On Sunday, residents of Ruharambuga Sector in Nyamasheke District looked on in awe as a true reconciliation story unfolded before their very eyes when 10 Genocide perpetrators openly expressed remorse for their role in the 1994 Genocide against the Tutsi and sought forgiveness from survivors.
The reconciliation event, that took place at Ntendezi Parish in the presence of officials from the National Unity and Reconciliation Commission, government officials and church leaders, was organized under an initiative known as Hear Healing, a faith-based reconciliation and healing programme.
Initiated in 2008, the programme has hitherto helped reconcile 30 perpetrators with survivors.
It was indeed humbling to see survivors and their former tormentors who had sought and received forgiveness happily embrace and share ikigage, a local brew, from the same pot, putting behind them bitterness and disgrace inherited from a genocide visited upon this country by its own leaders.
This story from a small village in southwestern Rwanda embodies this country’s remarkable journey of resilience, ownership, forgiveness, reconstruction of national identity and fostering a sense of common belonging for a little more than 20 years now.
Across the countless rolling hills of this country, such intriguing stories of remorsefulness, forgiveness and reconciliation, often championed by ordinary Rwandans themselves, have increasingly come to shape Rwanda’s post-Genocide recovery and unshaken hopes for a better Rwanda in the future.

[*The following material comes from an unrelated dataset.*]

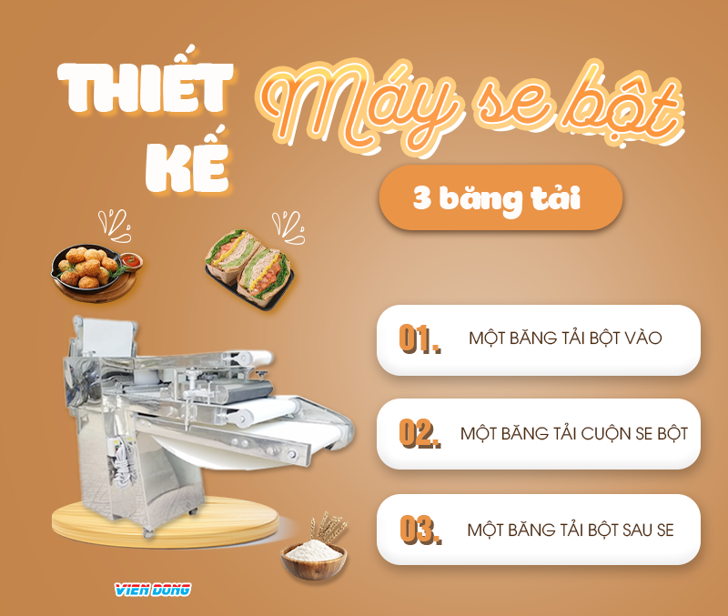 Việc đầu tư không chỉ giúp giảm sức lao động mà còn mang lại sự đồng đều cho từng mẻ bánh. Tùy theo quy mô và nhu cầu, bạn có thể lựa chọn máy se bột 1 băng, máy se bột 2 băng, máy se bột bánh mì 3 băng hoặc máy se bột 1 băng 1 người làm để tối ưu hiệu quả sản xuất. Để có lựa chọn tốt nhất quý khách có thể liên hệ với Viễn Đông để được tư vấn chi tiết về từng dòng máy.

There are so many success stories of Genocide survivors and perpetrators or their families that have not only reconciled but have joined hands in cooperatives to develop themselves through income-generating activities.
It is precisely because of these strong foundations for a united, peaceful and inclusive nation that the people of Rwanda can be proud of their achievements over the last two decades of nation-building and draw strengths to stay the course.

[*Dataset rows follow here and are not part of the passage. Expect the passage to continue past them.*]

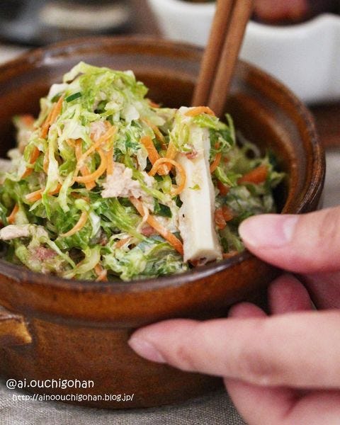 キャベツやツナなど身近な食材で作れる、梅マヨ味のサラダです。
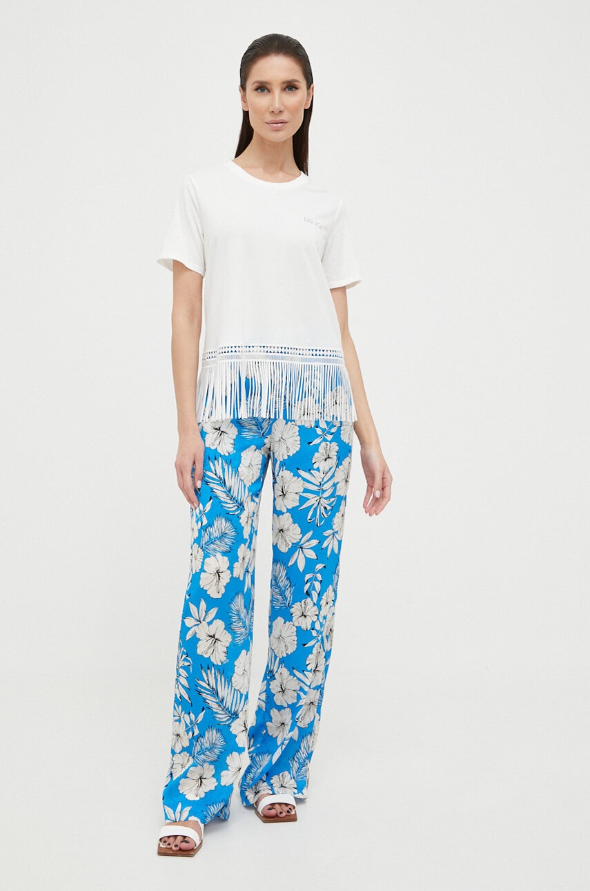 Pinko spodnie damskie kolor niebieski szerokie high waist
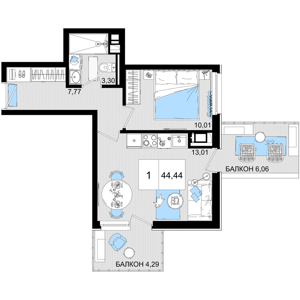 Общая площадь: 43.58м2
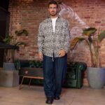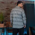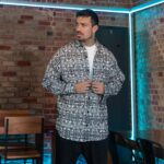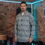 Πουκάμισο-ζακέτα λευκό/μαύρο με σχέδια σε oversized γραμμή

Nonetheless, there are still a few perpetrators out there who have yet to show remorse with even some still unwilling to reveal the whereabouts of the remains of Genocide victims 22 years later.
We urge such people to liberate themselves by letting go of the ideology that led to the Genocide, actively partake in the national healing process by telling the truth and helping in the recovery of victims’ remains for decent burial, and seek to live harmoniously with survivors and the rest of the community.
We also call on the Genocide survivors who are yet to overcome the terrible loss of their loved ones and the bitterness that came with it to take another step in their courageous journey of healing to forgive their former tormentors who seek forgiveness and reconciliation.
We all have a lot to learn from the reconciliation story in Nyamasheke and other similar stories around the country.
In doing so, we are laying the necessary building blocks for a united, more prosperous Rwanda.